Valdes-Tresanco-MS commented 2 years ago

According to the files you sent me, there are many problems that are not related to the program, but to your system.

Considering the above and without going much deeper (we try not to go into too much detail because of confidentiality issues and author conflicts, although none of us work in the protein-ligand field), I performed the calculation. As you indicate, GB seems to work without problems. I also tried PB without including the decomposition and it works correctly.

[INFO   ] Running calculations on normal system...
[INFO   ] Beginning PB calculations with /home/mario/programs/miniconda3/envs/gmx_MMPBSA/bin/sander
[INFO   ]   calculating complex contribution...
            100%|##########| 100/100 [elapsed: 04:37 remaining: 00:00]
[INFO   ]   calculating receptor contribution...
            100%|##########| 100/100 [elapsed: 04:36 remaining: 00:00]
[INFO   ]   calculating ligand contribution...
            100%|##########| 100/100 [elapsed: 00:04 remaining: 00:00]
[INFO   ] Parsing results to output files...

[INFO   ] Timing:
[INFO   ] Total GROMACS setup time:                   0.129 min.
[INFO   ] Total AMBER setup time:                     0.006 min.
[INFO   ] Creating trajectories with cpptraj:         0.011 min.
[INFO   ] Total calculation time:                     9.293 min.
[INFO   ] Total PB calculation time:                  9.013 min.
[INFO   ] Statistics calculation & output writing:    0.000 min.
[INFO   ] Total time taken:                           9.440 min.

The problem is that when decomposition is included you can expect it to take much longer. In my case, as shown, each frame takes approximately 8 minutes, with an estimated time of one hour and 40 minutes for 100 frames using 6 CPUs.

[INFO   ] Selected 20 residues:
R:A:GLY:16  R:A:THR:17  R:A:GLY:18  R:A:GLU:19  R:A:SER:25  R:A:GLY:26  R:A:PHE:52  R:A:TYR:84  R:A:SER:85  R:A:GLN:86
R:A:VAL:165 R:A:THR:174 R:A:THR:175 R:A:HIS:178 R:A:LEU:179 R:A:GLN:180 R:A:TYR:181 R:A:PRO:182 R:A:ARG:183 L:B:2MER:203

[WARNING] Using idecomp = 3 and dec_verbose = 2 will generate approximately 9600 items.
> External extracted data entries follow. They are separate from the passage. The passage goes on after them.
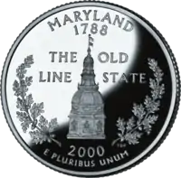 - Меріленд: Капітолій штату Меріленд, розміщений на монеті є найбільшим дерев'яним куполом в країні побудованим без жодного цвяха.[16] Деякі жителі скаржилися, що четвертак не містить зображення знаменитого синього краба штату.
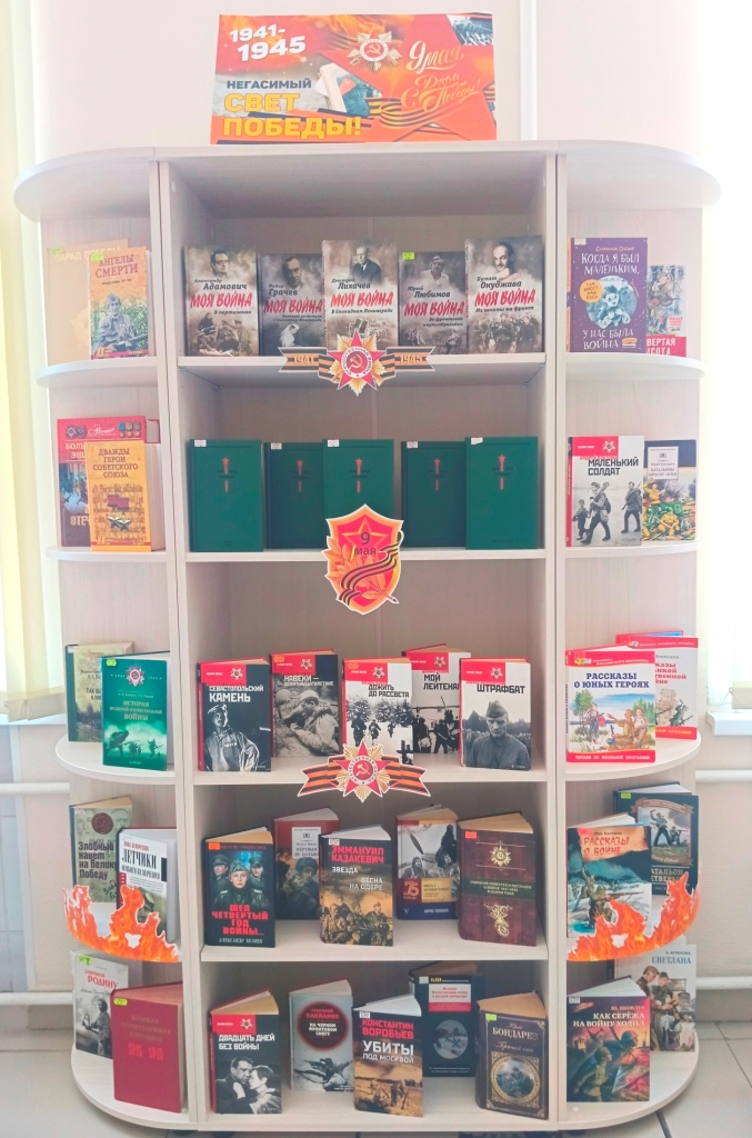 Накануне великого праздника, Дня Победы, в Центральной городской библиотеке открылась выставка-память «Негасимый свет Победы!».
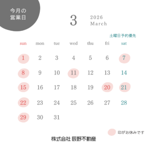 🎎営業日のお知らせ🎎 こんにちは! 最近は気温が二桁の日も多くなり、春を感じますね🌸 これから少しずつ植物たちが色めいてくるのが楽しみです☺️ 3月もよろしくお願いいたします 土曜はご予約優先となります🙇🏼♀️ 事前にご連絡いただけますと確実です! 中古住宅、アパートの内覧は勿論 空き家や土地の売却相談も受け付けております🍂 まずはお気軽にご相談ください🌟
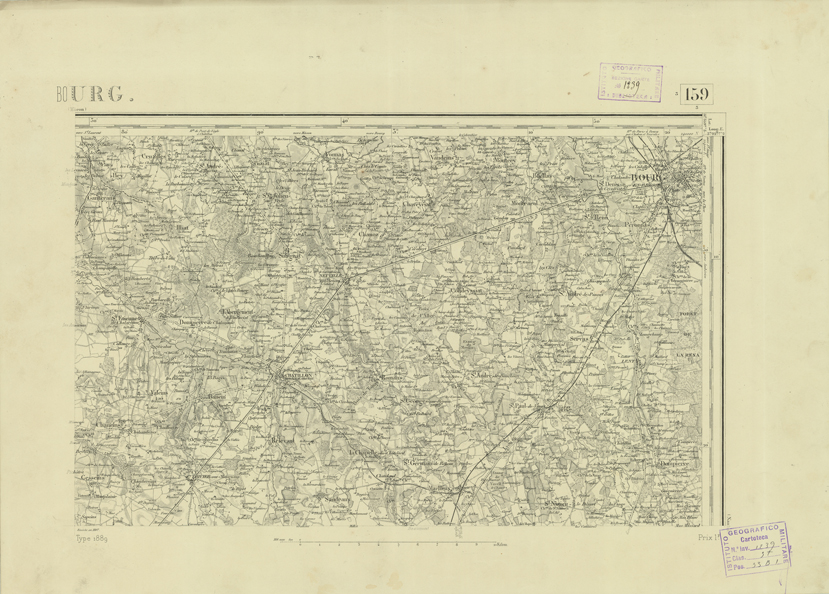 "Paris. - Service Géograèhique de l'Armée, 1889. Ebbe origine dall'Edizione zincografica in quarti di foglio, stabilita fino dal 1879, per la Carta detta de "L'etat-Major". Infatti non rispondendo più il sistema della riproduzione zincografica alle esigenze che la revisione dei fogli imponeva per un inevitabile logoramento dei rami originali, fu proposta dapprima la correzione degli zinchi, ma questo, importando un lavoro lungo e gravoso, si adottò il procedimento galvanico. I rami galvanici ottenuti e corretti secondo questo sistema presero il nome di "édition type 1889". Allo scopo di facilitare l'incisione fu adoperata la suddivisione in quarti di foglio come per l'edizione zincografica. la revisione dei fogli di questo tipo nnn fu iniziata che nel 1893. Dal catalogo del S.G.A. risultano mancanti a questa edizione i dipartimenti della "Moselle", del "Bas-Rhin" e del "Haut-Rhin" per le quali non esiste che una edizione in fogli interi aggiornata nel 1901."
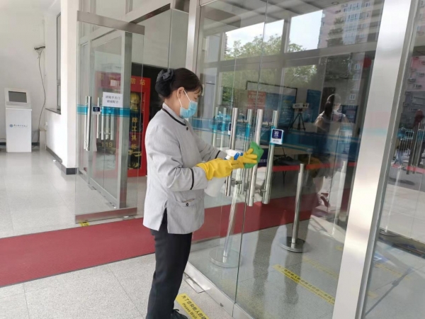 疫情防控中,消杀工作是重中之重。物业项目部按疫情防控的要求,严格落实安排消杀人员增加消杀频次,扩大消杀覆盖面确保校区公共环境安全。门把手、电梯按钮、厕所及宿舍楼道等关键部位,消杀人员结合喷壶喷洒、酒精擦拭等方式进行多频率消杀工作,保证学生健康安全。
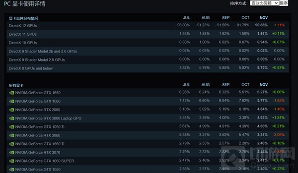 GTX 1650占有率达到6.27%,GTX 1060占有率为5.77%。相比10月,GTX 1060占有率大幅度下降了1.85%,使得GTX 1650有机会首次登顶。

Large print selections can demand a large amount of memory and take a significant amount of time to print!
[INFO   ] Cleaning normal complex trajectories...
[INFO   ] Building AMBER topologies from GROMACS files... Done.

[INFO   ] Loading and checking parameter files for compatibility...
[INFO   ] Preparing trajectories for simulation...

[INFO   ] 100 frames were processed by cpptraj for use in calculation.

[INFO   ] Running calculations on normal system...
[INFO   ] Beginning PB calculations with /home/mario/programs/miniconda3/envs/gmx_MMPBSA/bin/sander
[INFO   ]   calculating complex contribution...
              6%|6         | 6/100 [elapsed: 08:15 remaining: 1:37:49] 

Note that decomposition in your case is completely irrelevant since there is no ligand permanence in one place. Everything seems to work correctly, but if you want to follow more closely the progress of the calculation, you can install the test version we are working on which includes the progress bar I show below.

python -m pip install git+https://github.com/Valdes-Tresanco-MS/gmx_MMPBSA.git@progress_bar
bradenkeiser commented 2 years ago

Thank you, sir. I was also wondering if the PB was taking longer because I chose pairwise as oppose to per residue decomp. I was performing the decomp because I was anticipating some information on how to further improve future binding opportunities. I will try to include the progress bar, though we have difficulty getting these things onto the HPC server due to github blocking here. Thank you again!

Valdes-Tresanco-MS commented 2 years ago

I left calculating some more time and you are right, PB takes much longer than what I showed you. Apparently, it has a convergence problem estimating the non-polar component of the solvation. It is common that when there are disruptions in the trajectory it takes considerably longer, so make sure that your system is completely stable.

bradenkeiser commented 2 years ago

Ok. Then, I will focus on stabling this protein-ligand complex more before reusing gmx_MMPBSA. I have just entered the field, so I am getting used to the various procedures. Thanks again!

Valdes-Tresanco-MS commented 2 years ago

I understand. I think it's happened to all of us. If you have doubts, you can ask us for help, although we do not have much time, at least we will try to guide you.